Table 1. Basic performance parameters of recent research advances in gyro-TWT.

ID	Type of Gyro-TWT	Frequency (GHz)	Power (kW)	Efficiency (%)	Gain (dB)	Bandwidth (GHz)
Ref. [5]	helically corrugated circuit	96	3 kW (CW)	15	54	2.5
Ref. [6]	periodic-dielectric-loaded circuit	93	>60	>10.06	32	8
Ref. [7]	confocal waveguide circuit	140	0.82	0.8	34	0.8
Ref. [8]	photonic-band-gap circuit	250	0.045	0.43	38	8
Ref. [9]	lossy circuit	220	>10 (simulation)	>5.7	>60	18
Ref. [10]	helically corrugated circuit (frequency doubler)	263	0.25 (simulation)	2.5	>40	17.5
Ref. [11]	lossy circuit	Ka/V band	375/150 (simulation)	26.7/10.7	71/35	3.8/1.7
Ref. [12]	lossy circuit	Ku/Ka band	238/158 (simulation)	30.9/25.1	45.5/50.4	1.5/2.5

, we list the basic performance parameters of recent research advances in gyro-TWTs. Amon them, ref. [5] reported a W-band second electron cyclotron harmonic helically corrugated waveguide (HCW) gyro-TWT with a continuous-wave (CW) output power of over 3 kW, a bandwidth of 2.5 GHz, an efficiency of 15%, and a gain of 54 dB. Meanwhile, a W-band broadband TE₀₂ gyro-TWT with a periodic-dielectric-loaded (PDL) circuit is proposed in [6], which can achieve an output power of over 60 kW, a bandwidth of 8 GHz, and a saturated gain of 32 dB. It can be seen that harmonic interaction and higher-order mode operation are effective ways to ensure that the interaction structure and the electron channel have a large enough space. But, to some extent, that can also increase the mode competition. For increasing the power capacity and suppressing the mode competition, quasi-optical confocal and photonic-band-gap (PBG) circuits are proposed [7,8]. A 140 GHz confocal gyro-TWT was measured in 2009, and it can produce a peak power over 820 W with a −3 dB bandwidth of 0.8 GHz [7]. In addition, a 250 GHz PBG gyro-TWT was also designed and tested in 2013, with a short pulse of 260 ps, a gain of 38 dB, and an instantaneous bandwidth of 8 GHz [8]. Meanwhile, a G-band TE₀₁ gyro-TWT with a traditional lossy circuit is reported in [9], and a particle-in-cell (PIC) simulation shows that it can achieve a saturated output power of over 10 kW and a bandwidth of 18 GHz. But, another challenge in the development of gyro-TWTs for sub-terahertz and terahertz bands is the shortage of pre-stage drive sources. To solve this problem, a sub-THz frequency-doubling gyro-TWT (FD-GTWT) is presented in [10], which shows for a 10 mW driving signal at 131.5 GHz an RF output power of 250 W at 263 GHz and a gain of >40 dB over a bandwidth of 17.5 GHz [10]. In this way, the shortage of pre-stage drive sources can be effectively alleviated.
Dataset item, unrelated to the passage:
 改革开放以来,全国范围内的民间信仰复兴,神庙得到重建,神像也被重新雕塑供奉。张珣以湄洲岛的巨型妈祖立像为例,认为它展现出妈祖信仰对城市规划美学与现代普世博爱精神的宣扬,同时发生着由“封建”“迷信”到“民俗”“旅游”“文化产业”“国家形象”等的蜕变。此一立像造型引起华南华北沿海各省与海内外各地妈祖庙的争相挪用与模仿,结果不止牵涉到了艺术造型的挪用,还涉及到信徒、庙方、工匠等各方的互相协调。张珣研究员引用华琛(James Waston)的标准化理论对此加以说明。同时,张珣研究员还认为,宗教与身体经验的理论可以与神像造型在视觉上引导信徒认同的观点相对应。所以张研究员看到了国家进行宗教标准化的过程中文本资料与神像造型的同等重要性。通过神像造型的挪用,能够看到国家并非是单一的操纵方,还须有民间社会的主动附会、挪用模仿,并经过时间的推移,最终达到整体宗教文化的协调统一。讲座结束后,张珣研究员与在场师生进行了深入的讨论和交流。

Currently, most gyro-TWTs only work at a single frequency, which means their related applications cannot meet the cross-band work. To solve this problem, a dual-band operating gyro-TWT is proposed and studied. In 2012, a theoretical study of a Ka/V dual-band coaxial gyro-TWT was reported, which was predicted to provide a peak power of 375 kW with a 71 dB saturated gain and a 3.8 GHz bandwidth in the Ka-band and a peak power of 150 kW with a 35 dB saturated gain and a 1.7 GHz bandwidth in the V-band [11]. In addition, in 2014, a Ku/Ka dual-band gyro-TWA was proposed; in the Ku-band, it can generate a maximum output power of 238 kW with a −3 dB bandwidth of 1.5 GHz, and in the Ka-band, it can generate a maximum output power of 158 kW with a −3 dB bandwidth of 2.5 GHz. This type of dual-band gyro-TWT can effectively reduce the size, cost, and weight of a transmitter in dual-band radar and communication systems. Of course, other key components of the dual-band gyro-TWT, such as multi-state magnetron injection guns (MIGs), dual-mode input couplers, and dual-band output systems, have also attracted the interest of many researchers [13,14,15].
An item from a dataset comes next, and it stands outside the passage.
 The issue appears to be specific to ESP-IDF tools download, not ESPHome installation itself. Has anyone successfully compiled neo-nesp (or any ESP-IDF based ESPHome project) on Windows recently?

In this article, a K/Ka dual-band gyro-TWT with a lossy loaded circuit is demonstrated, and detailed analyses of the key components, including the interaction circuit, MIG, input coupler, and output system, are proposed. In Section 2, the basic principle of the dual-band gyro-TWT is analyzed by the small signal theory. In Section 3, the key components of the dual-band gyro-TWT, the MIG, input coupler, and output system, are proposed. In Section 4, a conclusion of this article is drawn.
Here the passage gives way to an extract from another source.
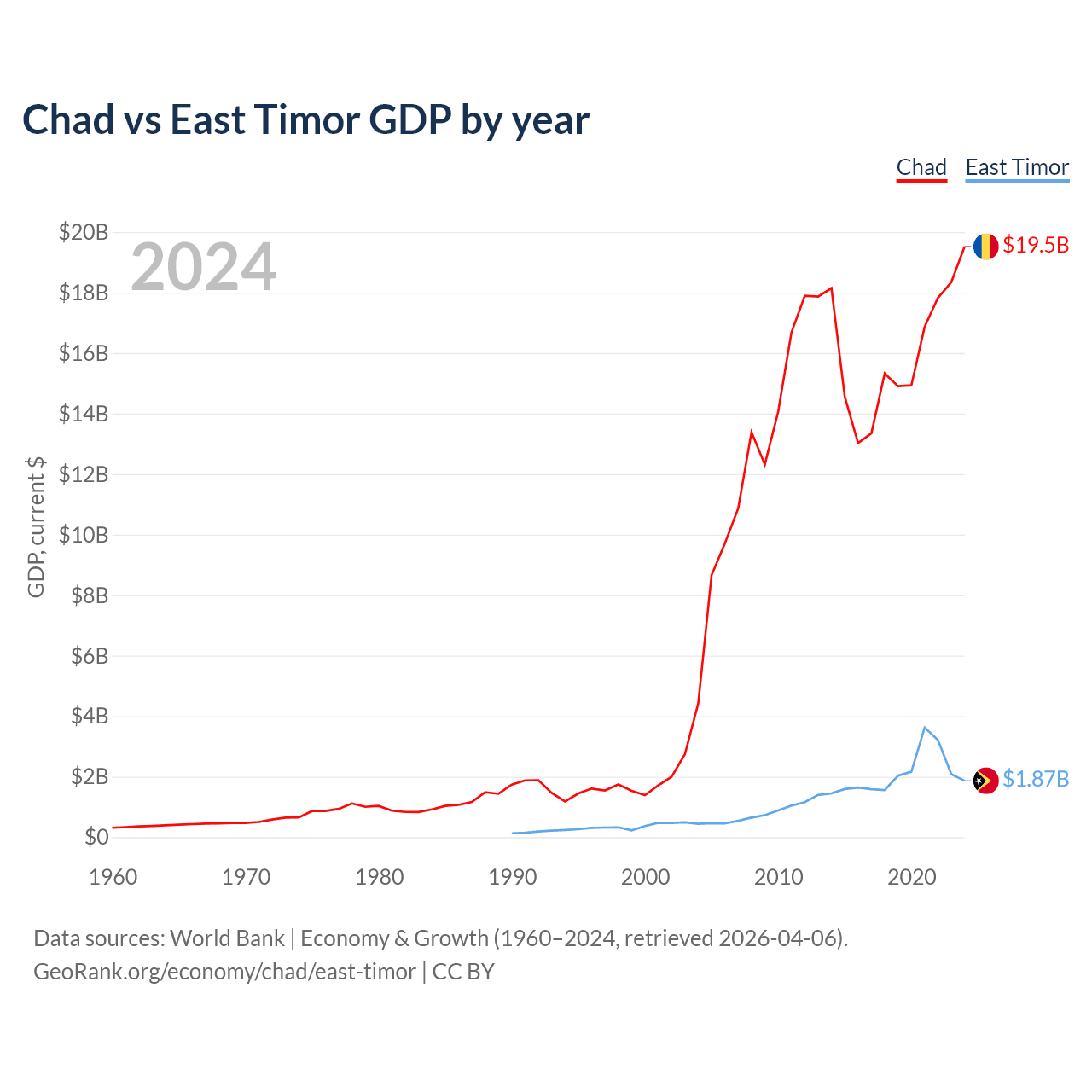 Chad vs East Timor GDP by year

2. Basic Theoretical Analysis of the Dual-Band Gyro-TWT

As shown in Figure 1, the dual-band TE₀₁/TE₀₂ mode gyro-TWT mainly consists of four key parts: a dual-state MIG with two emitters that can generate two different status cyclotron electrons, a dual-mode input coupler that can couple out two different modes (TE₀₁ mode in the K-band and TE₀₂ mode in the Ka-band), a lossy-dielectric-loaded beam–wave interaction circuit, and an output system (output gradual waveguide and three-disk output window) that is satisfied with the dual-band operation. In addition, the operating magnet system is composed of a compensating coil and a superconducting magnet, and it has a uniform field length of 450 mm. For this dual-band gyro-TWT, the operating modes are chosen as the TE₀₁ and TE₀₂ modes with a beam tunnel radius $r_w$ of 10.1 mm and corresponding cutoff frequencies of 18.11 GHz and 33.17 GHz, respectively. Meanwhile, due to the difference in lambda between the two bands, the gain per unit of the K-band is smaller than the Ka-band. So, to improve the K-band’s total gain, the K-band’s velocity ratio and beam current should be set larger than those of the Ka-band. The velocity ratio of the K-band electron beam is set as 1.2, and the velocity ratio of the Ka-band is set as 1.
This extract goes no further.